Others’ refusal to accept Muslims demands, calculated to preserve imagined privileges, angered them and an adversarial attitude vis-a-vis Hindus developed. Muslims thus demanded weightage – actually equality of treatment with Hindus – reservations and separate electorate. These came from, and strengthened, two traits: first, not to accept democracy’s implications, especially the equality with Hindus. The second was to depend on a ruling or hegemonic power to get them their due. Pakistan politics has actually reflected these traits: democracy soon collapsed and a new ruling elite, civil and military bureaucracy, continues to usurp power. The second trait of depending on the US to keeping India (Hindus) in check gave an illusion of equality. This dependency syndrome that produced the ever readiness to hitch Pakistan’s wagon to the American star survives.

Last October’s election and this January’s bye-elections have damaged the Pakistan-American relations. Americans too have taken note that MMA’s rise is directly related to their own unpopularity, especially in NWFP and Balochistan. It is growing elsewhere too. Pakistan has thus to somehow work out a new and more equation with US, without forgetting the existing vulnerabilities.

Pakistanis have to cut the umbilical chord with the Indians and start behaving as a separate and independent nation by treating India as another country. Remember there are no free lunches. Other nation states, including the US, have no obligation toward Pakistan vis-a-vis India and see India as a rising power and an attractive market thanks to its size and state of development. It can also be a useful strategic partner to great powers. No power will prefer Pakistan at the expense of India. Pakistan can never run an arms race with India with others’ aid.

Pakistan can do something about India’s attractiveness: to develop itself. That is blocked by military’s control over politics. In a military-run Pakistan cannot make on development, especially human development, the top priority. It will never understand that national strength cannot be borrowed; it has to be developed. Only the people can make Pakistan strong, not the Army. Defence preparedness, not backed by domestic economic strength, is sure to be inadequate and brittle.

Other policies follow. Kashmir is for Kashmiris and they have to make their destiny themselves; Pakistan has no locus standi. That releases Pakistan from illusions. Let Pakistanis forget the pre-natal quarrels with the Hindu-domination and work out a new normal relationship with India. Pakistanis and Indians should be cooperative friends. Both can profit from free trade, economic cooperation, cultural exchanges and a regional framework of economic development that Saarc could become but is not. An eventual (political) entente should be the aim.

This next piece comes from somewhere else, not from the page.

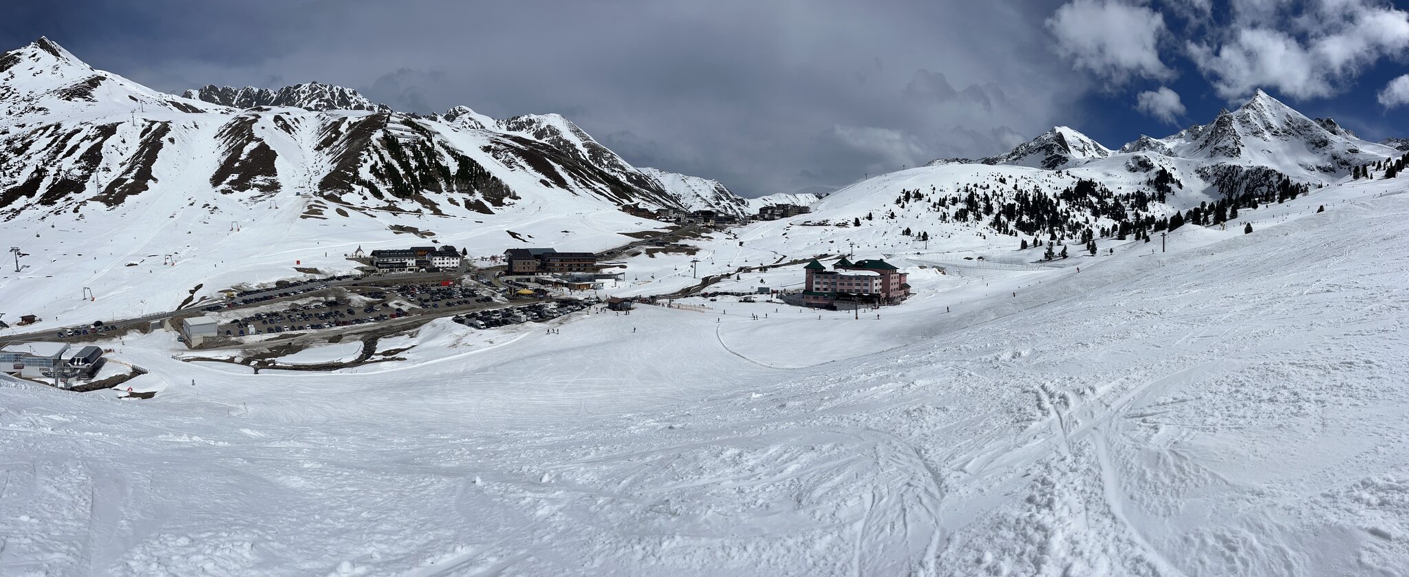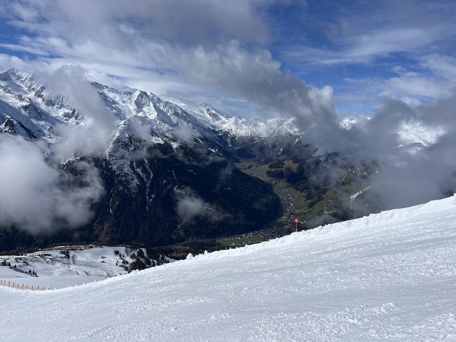Wie schon letztes Jahr wählten wir auf der Anreise am Ostersonntag ein anderes Skigebiet und nicht zuletzt aus Kostengründen auch ein anderes Hotel. Wir liessen es aber bis heute früh offen, wo wir hinfahren und übernachten würden. Lediglich angedacht waren aufgrund der stetig hohen Temperaturen Sonntag und Montag zwei verschiedene Gletscherskigebiete. Doch als sich abzeichnete, dass eine heftige Föhnlage entstehen würde, war schnell mal klar, dass wir in der Auswahl eingeschränkt sein würden und uns für ein föhnresistentes Skigebiet entscheiden müssen. Und um es vorwegzunehmen: Wir hatten richtig entschieden. Viele Skigebiete waren heute komplett oder grossteils geschlossen, bei uns aber herrschte Vollbetrieb.

Things will become easier for all if only they can counteract the mischief that nuclear weapons by their very presence do. So long as Pakistani nukes exist no Indian government can trust Pakistan and similarly the Indian Bomb’s presence automatically negates India’s good intentions. Pakistani Bomb has not helped Pakistanis get either Kashmir or security; Indians were threatening to wipe out Pakistan no matter what its capability. The Bomb has not enhanced India’s stature; no one respects it as much as in Nehru’s days. Both are finally deadlocked with only one exit.

Nuclear Restraint and Nuclear Safe South Asia are vacuous schemes, mostly hot air; there have no relevance to India and Pakistan, with their present mental baggage. Peaceful ties require basic trust in each other’s intentions, which is absent. The only way out is through simultaneous and mutually verifiable nuclear disarmament. Only a Nuclear Weapons Free South Asia makes sense.

If free of Jihad commitment, Pakistan can give India MFN status, open up, start implementing SAPTA and SAFTA agreements, sign a non-aggression pact, engage in cultural exchanges, restore communications, dramatically relax visa restrictions and make Saarc a vital and vigorously growing reality. With these the stature of both will dramatically rise and others will show a different visage.